3.1. Descriptive Statistics

The results of our analysis confirm the high variability between population and care system characteristics across the European landscape (see Table 1). It is noteworthy that the share of people using home care services varies widely, from under 10% of the population aged 60 years and older in Sweden and Italy to as much as one fifth (23%) in Belgium and over 17% in France.
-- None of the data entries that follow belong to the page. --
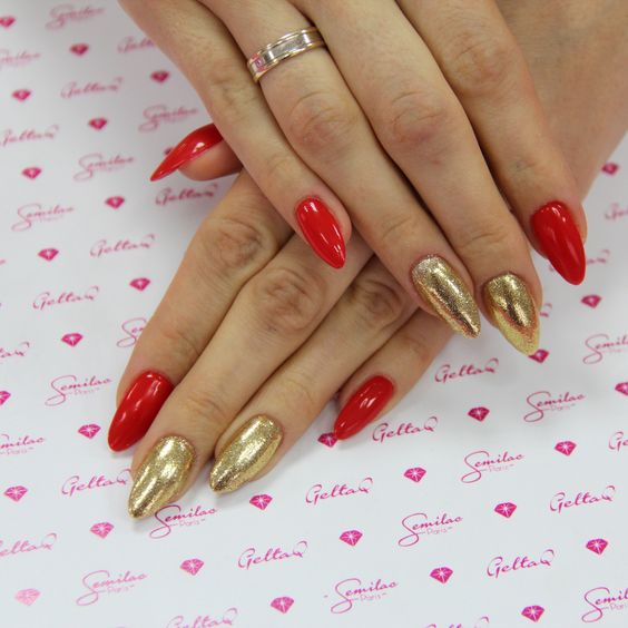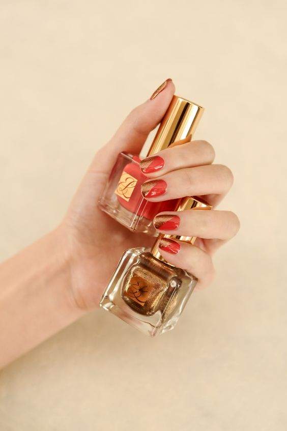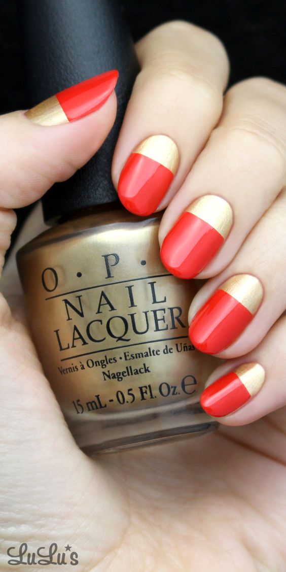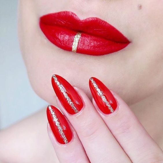 Manucure rouge avec de l'or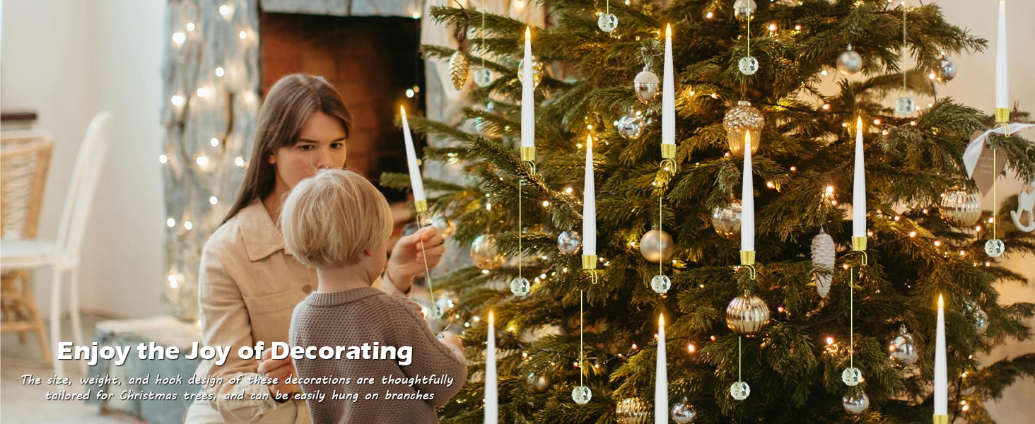 🎉EASY TO USE: Each hook is made of high quality material, with the perfect structure and appropriate size, allowing it to easily hang on branches of various thicknesses. Simply place the led candle on the hook, and the candlestick will stay firmly on the hook without tipping over or sliding off. When the holiday season ends or you need to adjust the Christmas decor position, you can easily move them without pulling forcefully or worrying about damaging the branches or hooks.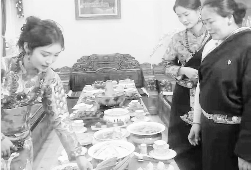 在藏裝制作點,主持人穿上縫紉藝人們親手制作的服裝,無論布料、絲線的選用,還是精致繁復(fù)的技藝,都充滿了濃厚的鄉(xiāng)土氣息和民族特色。每一針每一線,都蘊含著藝人們的心血與智慧。她們憑借著精湛的手藝,將絢麗多彩的布料剪裁、縫合,賦予其靈動的生命力。石渠服飾十分重視色塊與整體的相襯與和諧,以紅、黃、藍(lán)、綠、白、黑為主,呈現(xiàn)了石渠人民尊重自然的生態(tài)美。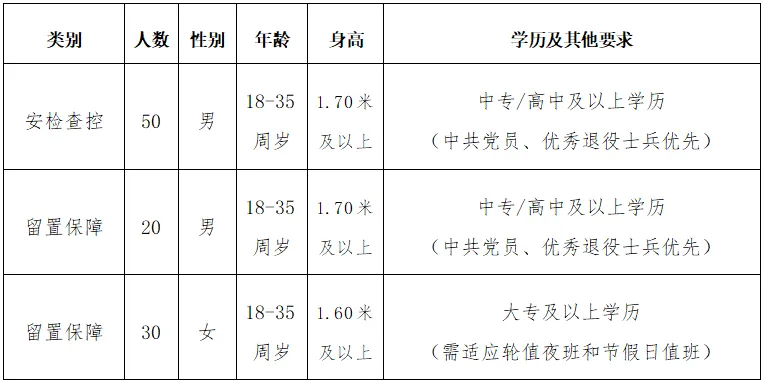 4、安检查控和留置保障岗应具备中专/高中及以上学历,留置保障女性岗位应具备大专及以上学历;
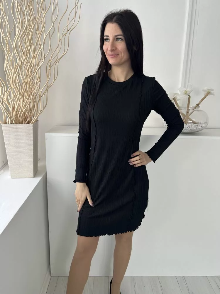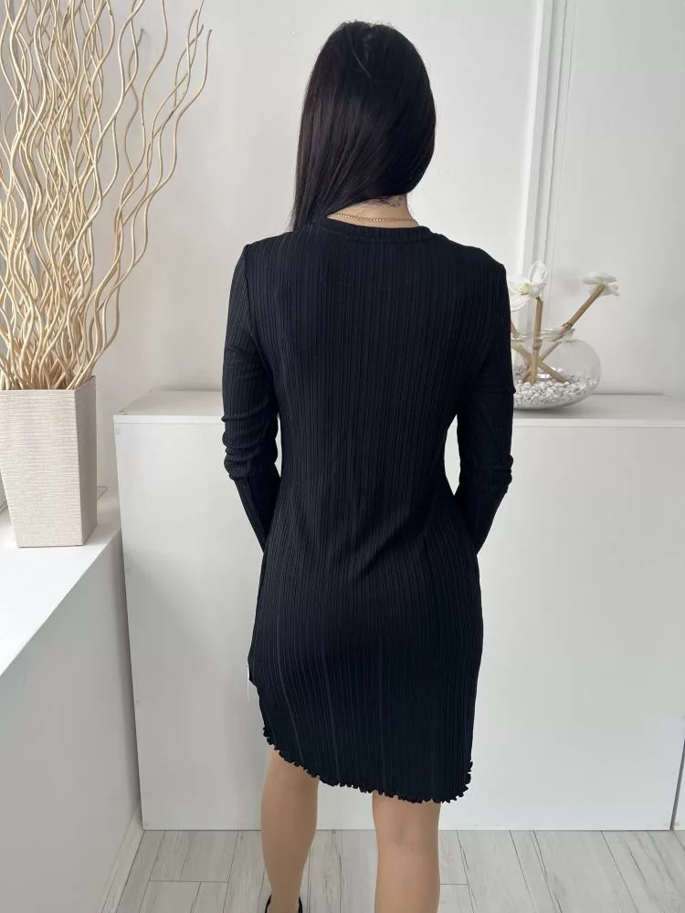 Primark (M) Fekete Anyagában Mintás, Elől Díszvarrásos Kerek Nyakú, Fodros Aljú Ruha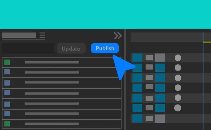 준비가 되면 게시 버튼을 사용하여 협력자와 편집 내용을 공유합니다. Premiere Pro의 새로운 변경 상항 열에 팀 프로젝트 스퀀스가 편집된 것으로 표시되면 협력자는 이를 업데이트할 수 있습니다. 자세한 내용은 이 페이지를 참고해주세요.
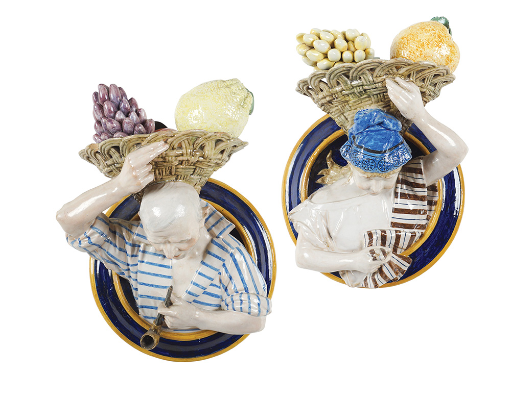 Coppia di mensole manifattura Ginori Italia, XX Sec. 26x23 cm. in ceramica smaltata e decorata in policromia raffiguranti due figure che sorreggono canestri di frutta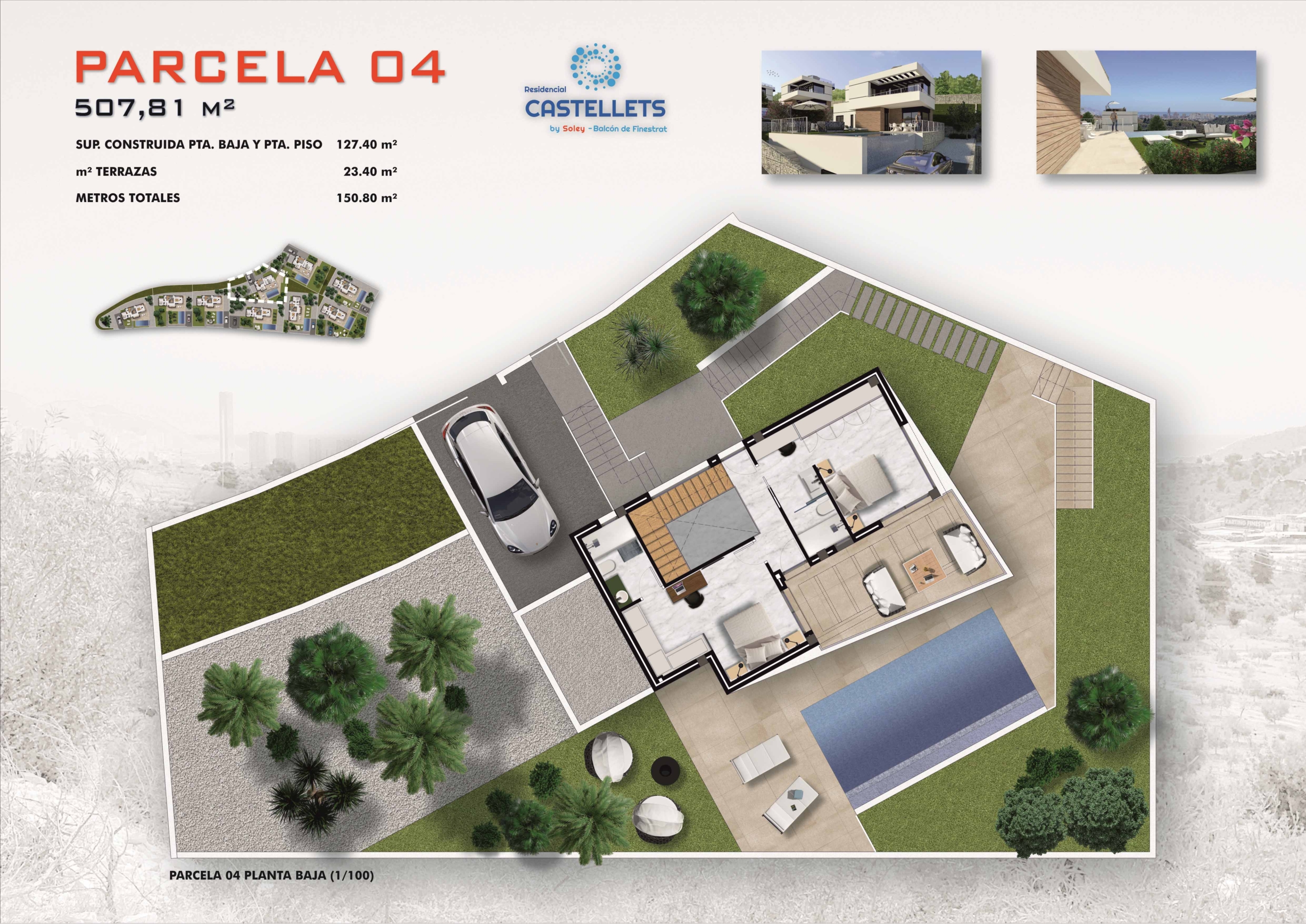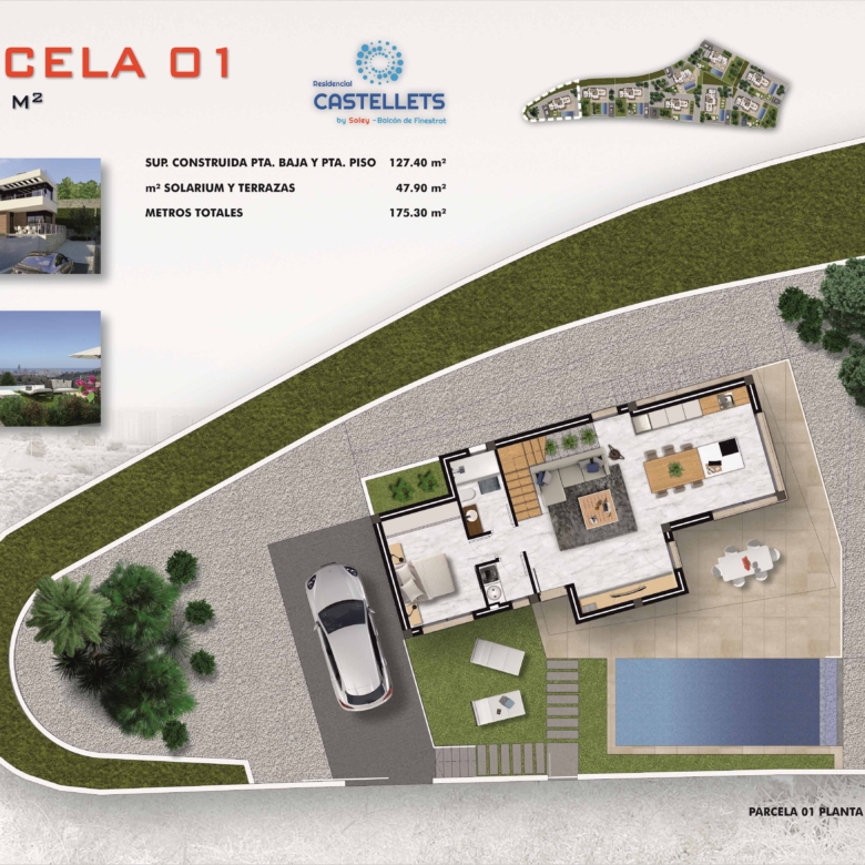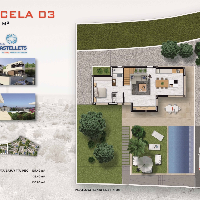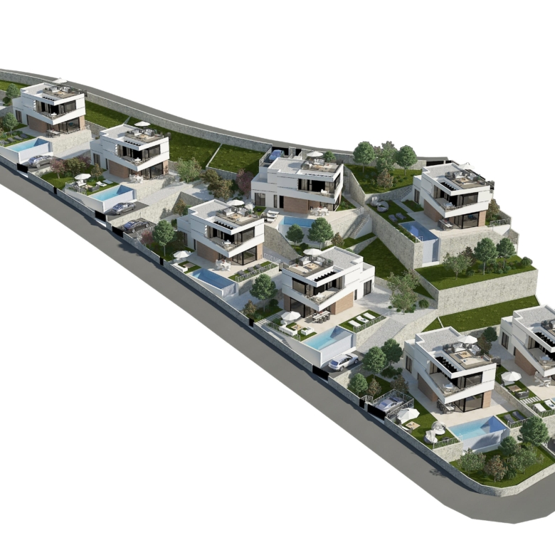 Brand New 9 detached villas with 3 bedrooms 3 bathrooms just minutes from the Golf Bay and just 10 minutes drive from the city of Benidorm. Balcon de Finestrat is a residential complex with several housing models to satisfy all tastes.

Income inequality among households led by older individuals, as measured by the Gini coefficient, is highest in France, Belgium and Italy, while Austria, Denmark and Sweden are the countries with the least unequal income distribution. Most individuals considered in the sample have attained at least secondary education, with Spain (approximately 33%) and Italy (45%) being the only two exceptions.
Regarding household structure and family composition, Spain and Italy are the countries where the average household size tends to be largest, reflecting a higher prevalence of intergenerational cohabitation. The average number of children of people aged 60 years and older varies from 2.02 in Germany to 2.42 in Spain. In all countries included in the sample, most older people are married, albeit substantial differences are observed: in Austria and France, approximately 63% are married, whereas in The Netherlands, Spain and Italy almost 80% of those aged 60 years and older are married.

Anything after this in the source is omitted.